Source: Vientiane Times
Economists have expressed concern over non-performing loans (NPL) that banks have given to the private sector.
Bankers said NPLs are currently higher than the rate of 3 percent set by the Bank of the Lao PDR, which could have negative impacts on financial and economic stability.
A senior banker who asked not to be named said the rising NPL rate is linked to state infrastructure projects, with private companies waiting for the government to reimburse them so they can in turn repay their bank loans.
One of the most important features to note is that people mostly use land titles as a guarantee to borrow money from banks.
However, as a result of economic slowdown, it’s not easy to sell land and this is one of the factors driving up the NPL rate.
Bankers say although commercial banks may not get their loans repaid promptly, they will get them later on since the commercial banks often take into account issues related to NPLs.

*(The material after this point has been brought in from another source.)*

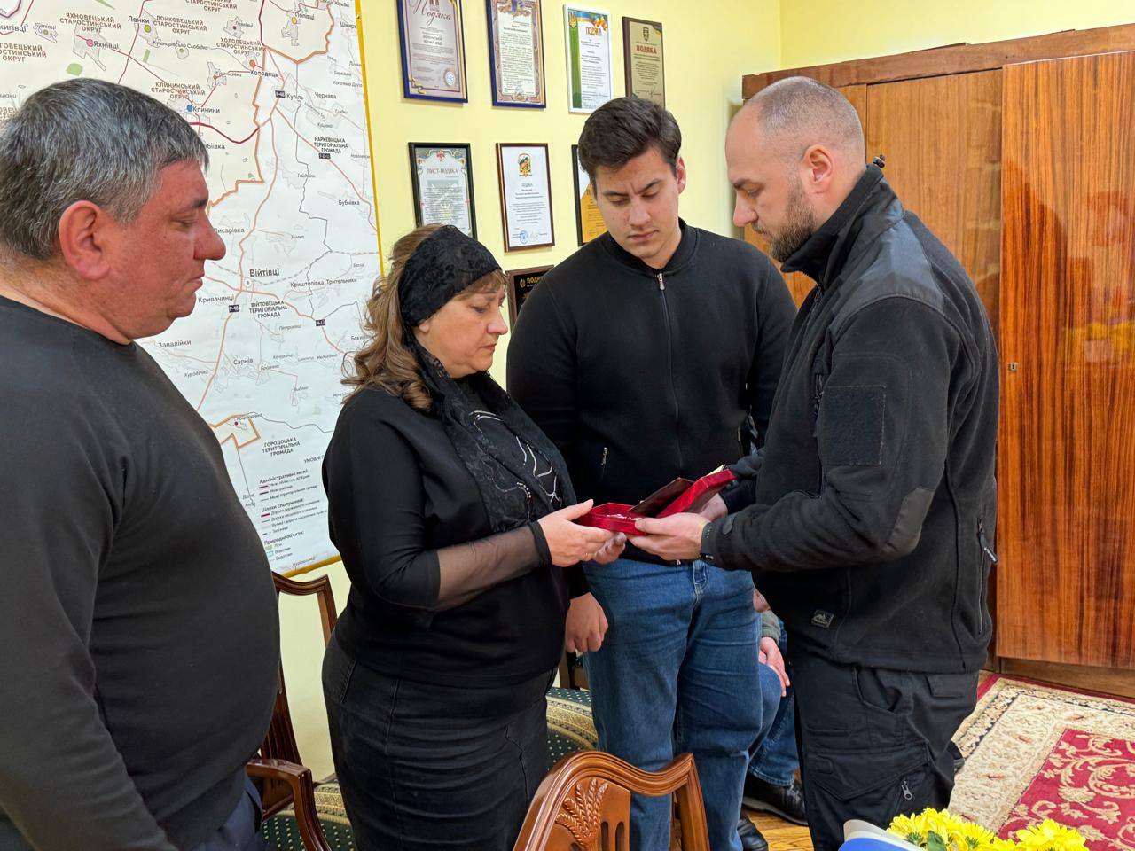 За дорученням начальника Хмельницької обласної військової адміністрації Сергія Тюріна та начальника Хмельницької районної військової адміністрації Костянтина Кордонського, перший заступник голови РДА Валерій Черватюк разом із підполковником Хмельницького районного ТЦК та СП Володимиром Марусієм і представниками територіальних громад Хмельницького району передали державні нагороди родинам полеглих Героїв України.

Dr Mana Southichak is an independent economist who has done a lot of economic research for the government, international organisations and private companies.
“I have learned that the NPL rate is rising, particularly in state commercial banks,” Dr Mana said.
“If this continues, it could affect the banks’ financial stability as they need to have sufficient cash to pay their customers on demand.”
As of June last year, the volume of money circulating in the economy (M2) increased by 11.3 percent compared to the same period the year before, according to a government report.
The rise in credit took place after the central bank lowered interest rates to make it more affordable for entrepreneurs to borrow money from banks and boost domestic productivity .
The central bank should increase efforts to keep non-performing loans at below 3 percent as planned, otherwise the country will face economic challenges.
In 2013, the International Monetary Fund (IMF) urged Laos to put a dampener on rapid credit growth if it wanted to maintain macro-economic stability.
The international finance institute said the rapid rise in credit would result in higher import values, one of the main factors causing a drain on foreign currency reserves.
Last year, banks in Laos implemented stricter controls on foreign currencies notably the Thai baht and US dollar in a move to stabilise exchange rates and sustain the economy.
The move came after Laos encountered falling foreign currency reserves because businesses constantly require Thai baht and US dollars to import goods.
The falling reserves are the result of Laos’ exports, predominantly mining and agricultural commodities, which have fallen while imports are increasing and this trade has to be paid for in foreign currencies, according to economists.